Agile- I have fitted boilers before so yes I hope I'm competent if still learning! - I have never fitted a system boiler though and must admit I was not aware of the option of having a diverter valve fitted to one, yes it will mean more piepwork but I assume there is less messing about with the electrics as all the components apart from the cyl stat,prog room stat are in the boiler?

Namsag - thanks for your helpful response- yeah I'll read the manual again, I was trying to read it at too small a res from the pdf file- I'm a doofus.
 
tabs said:
yes it will mean more piepwork but I assume there is less messing about with the electrics as all the components apart from the cyl stat,prog room stat are in the boiler?
.

Wiring is always easier than pipework and wires dont leak.
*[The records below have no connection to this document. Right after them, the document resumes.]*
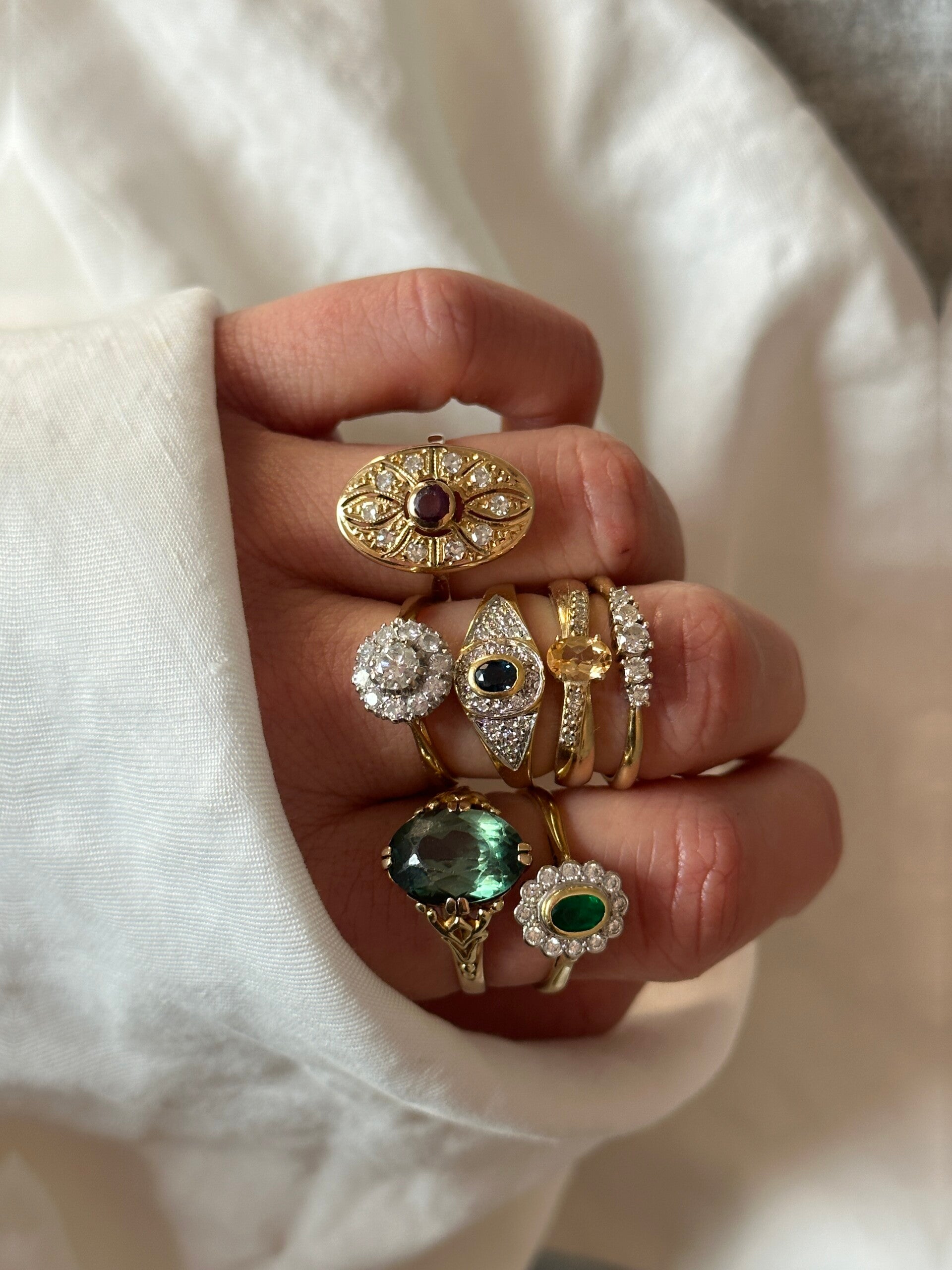 The Sapphire & Diamond Cluster Ring is just incredible! She is made of 18-carat gold inlaid with a beautiful 3 by 4mm oval Sapphire gemstone, surrounded by six tiny sparkling diamonds set in a illusion setting. There are two tiny diamonds on both shoulders of the ring. A classic treasure to love forever.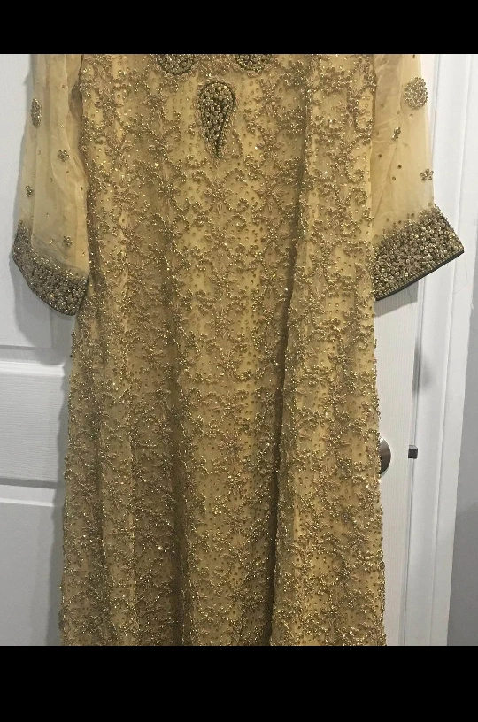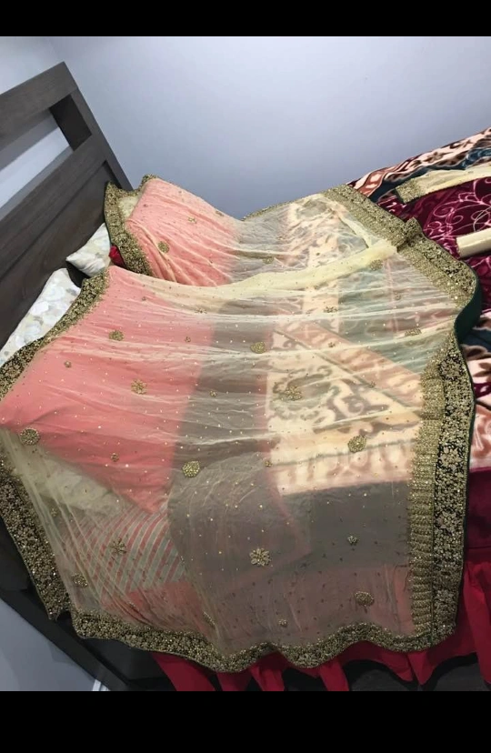 South Asian (Pakistani/Indian/Bangladeshi) Bridal dress for sale. Dress has only been wore once and is in mint condition. This dress was handcrafted at a well-known bridal house and it comes with pouch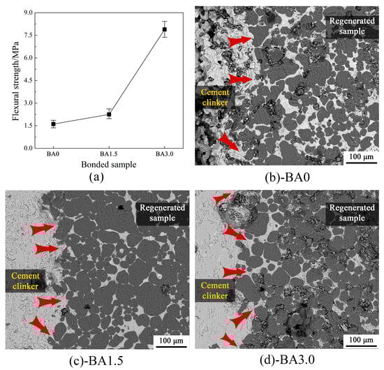 The flexural strengths of the bonded samples BA0, BA1.5, and BA 3.0 are shown in Figure 9a. It shows that the flexural strengths of the bonded samples were enhanced along with an increase in Al2O3 content in the regenerated samples; that is, there was an increasing tendency of the kiln coating adherence as Al2O3 content in the regenerated samples increased.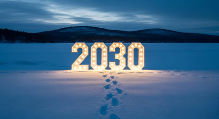Large, illuminated numbers spelling out 2030 are positioned in a wide, snow-covered expanse, likely a frozen lake. Footprints are visible leading up to the glowing digits. The sky is dark and cloudy, typical of twilight or dusk, with dark, forested hills in the background. The bright light from the numbers creates a focal point against the muted winter scenery.

Way cheaper to run wires than pipes too!

The extra price of boiler with diverter is usually excessive too.

Tony
 
Yeah , customer also has all required wiring in place as he has a convential boiler on a vented system at the moment. He doesn't want to have his cylinder replaced either which as its about 10 to 12 years old really should be upgraded to part L compliance?

What are the pros and cons of replacing his old boiler with either
a) a new convential boiler( provide for pump overrun)

or b) a system boiler. I 'm really asking about money and energy efficiency wise here.